- Known for: Establishing the parentage of grape varieties
- Scientific career
- Fields: Grape genetics
- Institutions: University of California, Davis

= Carole Meredith =

American geneticist

Carole P. Meredith is an American grape geneticist and was a professor at the Department of Viticulture and Enology of University of California, Davis.

== Career ==
Before she retired in 2003, Meredith and her research group pioneered the use of DNA typing to differentiate Vitis vinifera grape varieties and for elucidating their parentage, which gives insight into the varieties' history and place of origin. In 1996, Meredith and her research established the parentage of Cabernet Sauvignon, which was the first application of such techniques. Later, Chardonnay, Syrah, and Zinfandel followed. The research group showed that the varieties Zinfandel, Primitivo, and Crljenak Kaštelanski are identical. The varieties Charbono and Corbeau were also found to be identical.

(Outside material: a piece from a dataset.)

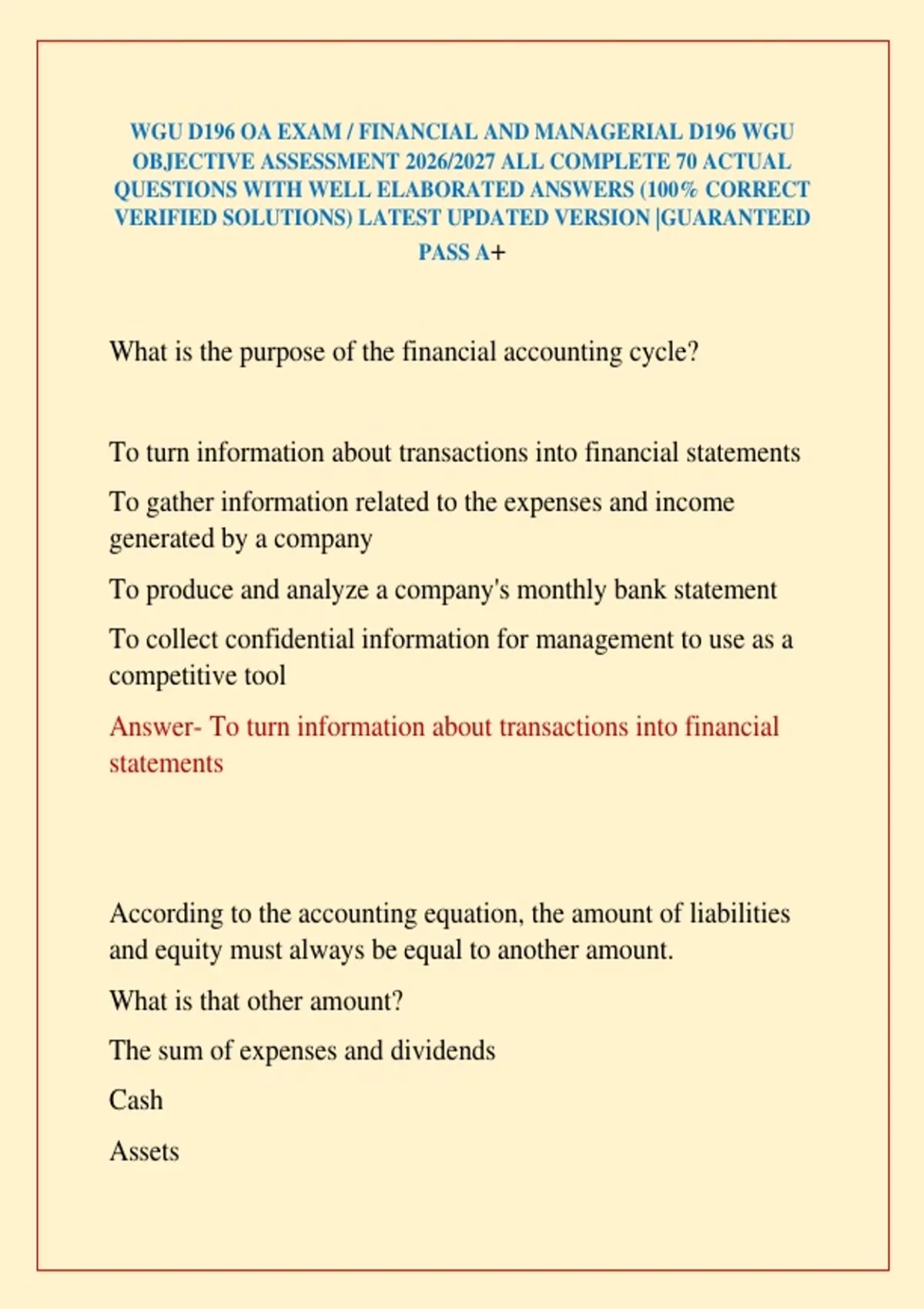WGU D196 OA EXAM / FINANCIAL AND MANAGERIAL D196 WGU OBJECTIVE ASSESSMENT 2026/2027 ALL COMPLETE 70 ACTUAL QUESTIONS WITH WELL ELABORATED ANSWERS (100% CORRECT VERIFIED SOLUTIONS) LATEST UPDATED VERSION |GUARANTEED PASS A+
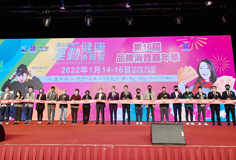 體育局局長潘永權、消委會全體委員會主席何佩芬、貿促局對外推廣籌劃處經理馮建樹、顯意會議展覽顧問有限公司董事總經理勞錦輝、澳門復康會理事長招漫玲、副理事長鄭卓明等出席主持「第十六屆品牌消費嘉年華」及「第三屆澳門運動健康博覽會」開幕儀式。

In 2009, she was inducted into the Vintners Hall of Fame.

==Winemaking==
In 1986, she moved to Napa Valley commuting to UC Davis where her husband, Steve Lagier, made wine at Robert Mondavi Winery. After her retirement from academia in January 2003, Meredith and her husband grow on 4 acres Syrah, Zinfandel, Malbec, and Mondeuse in the Mount Veeder AVA of Napa Valley under the Lagier-Meredith label. The first vines on their property were planted in 1994. As of 2022 the Lagier Meredith Vineyard has been managed by winemaker Aaron Pott who makes the wines under his own label Pott Wine.